John,
Now, I've read your messages again and in a little more detail than those one of the other threads! Oops, Doh!
IMHO, if the machine is later than the date of implementation of the MD, then it must comply, regardless of subsequent re-deployment.
There are no legal grounds for reducing the safety levels of the compliance of a piece of equipment under the MD.
So, to be legal, the equipment must have complied originally with the MD, if not, then upon subsequent deployment it then must comply, just because it didn’t comply originally is not an excuse for it not complying subsequently.
Also, there is no excuse, nor means to justify, nor implement downgrading of the safety systems below that of those required for compliance.

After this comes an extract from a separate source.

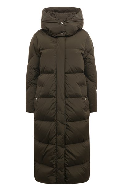 Длинный темно-зеленый пуховик не пропустит холод и ветер — в производстве модели использовали непродуваемый нейлон и объемный утеплитель, не скатывающийся за счет горизонтальной строчки. Кроме центральной застежки, скрытой под широкой планкой, предусмотрели боковые молнии, чтобы изделие не сковывало шаг. На принадлежность марке указывают эмблема на рукаве и логотип на съемном капюшоне.

Thus the machine must comply upon original supply, and thus must comply upon subsequent supply, because there is no such thing as subsequent supply, once it has been placed on the market in the EU it has been placed on the market, thus it MUST comply.
Even if it is exported for modifications or repair then it MUST comply upon re-import.
I hope that I have read this bit in your OP right so far!
I fail to see how the supplier can refuse a DoC.
As I have already said, refuse payment until they comply with their statute law duty.
Surely the supply contract requires compliance with statute law?
Next, does the suppliers “recommended” method comply with the requirements of the WAH directive?...
Now does the “CE” plate, i.e. the machinery plate carry all of the required information?
How can the machine be installed and commissioned without the O&M manuals?
How can the machine be safely used without the O&M manuals?
Basically, they are way off compliance with their statute law duty.